Why Israel’s Official Rabbinate Should Relinquish Some of Its Power https://mosaicmagazine.com/picks/israel-zionism/2016/01/why-israels-official-rabbinate-should-relinquish-some-of-its-power/

January 6, 2016 | Elli Fischer
About the author: Elli Fischer, a rabbi, writer, and translator, is pursuing graduate studies in Jewish history at Tel Aviv University.

According to an Israeli law passed in 2013, rabbis like Elli Fischer who perform halakhic marriages outside the purview of the chief rabbinate can be punished with up to two years in prison.
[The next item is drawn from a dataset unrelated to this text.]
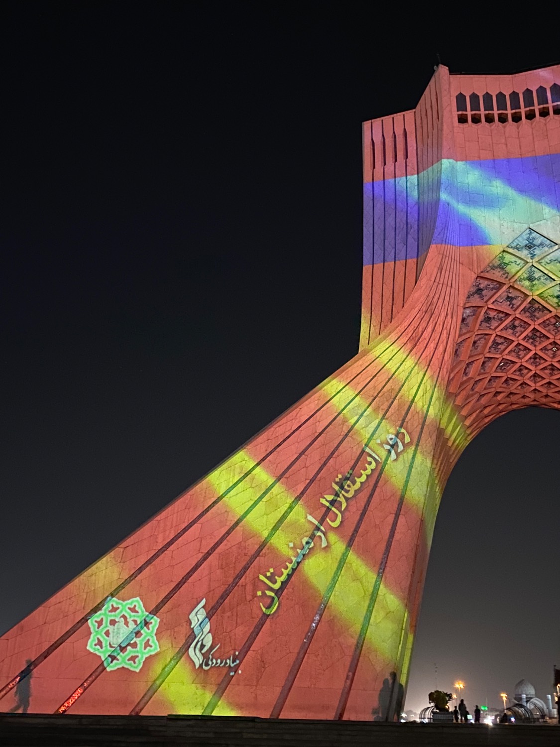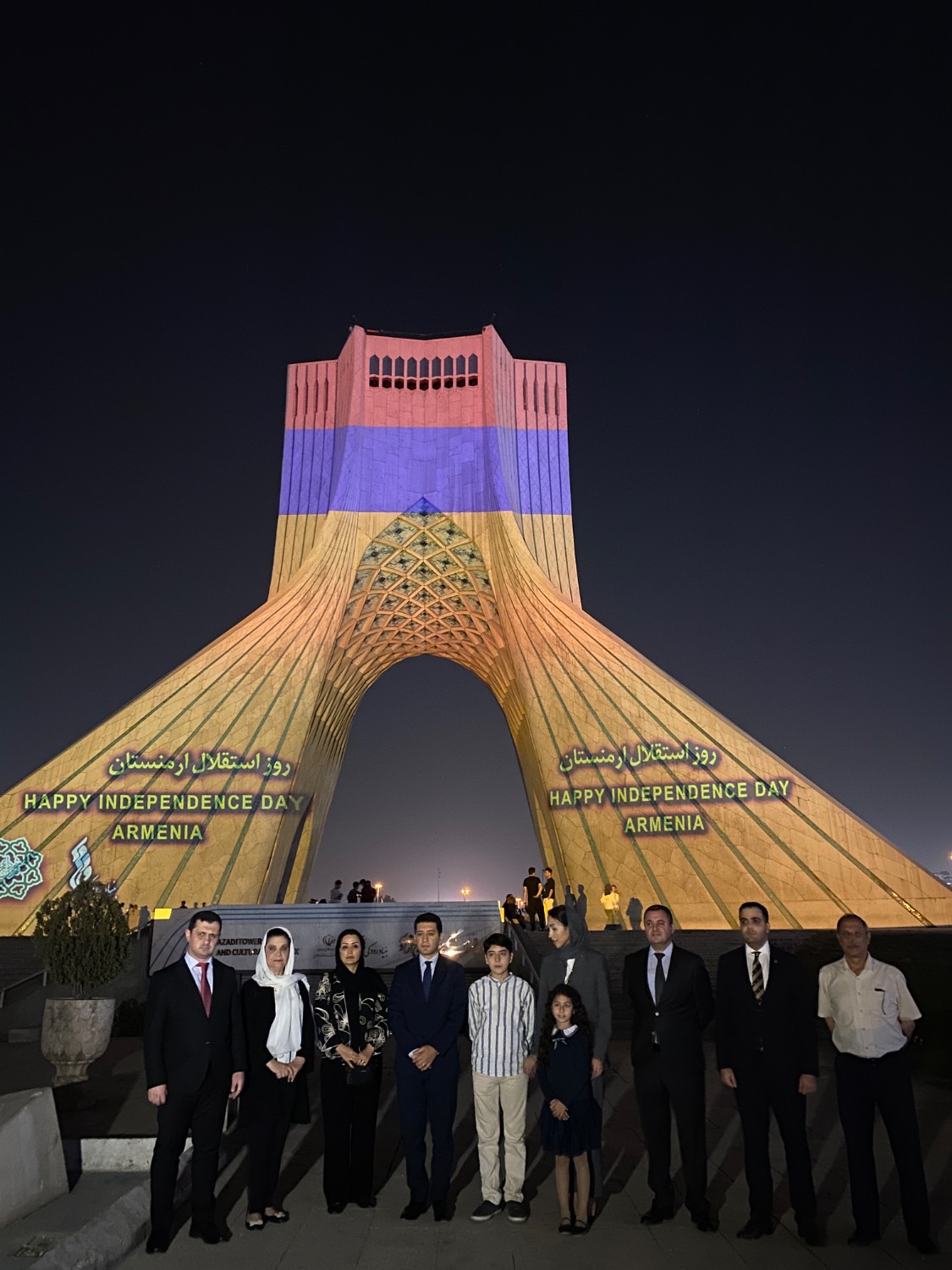 به مناسبت روز استقلال جمهوری ارمنستان، برج آزادی تهران با نورپردازی به رنگ‌های پرچم این کشور روشن شد. این برنامه با حضور گریگور هاکوبیان، سفیر ارمنستان و جمعی از دیپلمات‌های این کشور، حمیدرضا غلامزاده معاون امور بین‌الملل شهرداری تهران در مجموعه فرهنگی هنری برج آزادی برگزار گردید.

But unlike other religious critics of the institution—which comprises not just the two chief rabbis but an entire network of local rabbis, religious courts, and kashrut supervisors, along with a bureaucratic apparatus for performing marriages and conversions—Fischer believes that it cannot be reformed but must be fundamentally changed so as to limit its power:

The problem with the chief rabbinate and the related Ministry of Religious Services is not that they have deviated from their historical mission and are now malfunctioning. By design, the chief rabbinate reduces rabbis to bureaucrats. As a government agency like any other, it is subject to partisan wrangling and the temptations of patronage and corruption. Worse, it is particularly ill-suited to functioning as a government bureaucracy. [As a] historical institution, the [Jewish clergy] traditionally functioned on the basis of collegial trust, the flexibility to address unique circumstances, and tolerance of local differences. . . . [Forcing it to become] part of a rigid, regulated, centralized, and bureaucratic regime . . . has made it monstrous.
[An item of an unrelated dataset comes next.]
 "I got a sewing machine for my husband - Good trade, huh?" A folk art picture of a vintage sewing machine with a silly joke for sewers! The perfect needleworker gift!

In recent polls, 71 percent of Israeli Jews expressed dissatisfaction with the chief rabbinate and about 65 percent favored its dissolution. But what does “dissolution” mean in this context? What does the growing chorus of Israelis who demand “separation” of religion and state want?

It turns out that “separation” is not exactly the right word for what Israelis want. Even if it were, it would be politically unattainable. . . .

The goal, therefore, must not be to separate the Jewish religion from the Jewish state but to minimize the degree to which religious institutions exercise the coercive power of the state.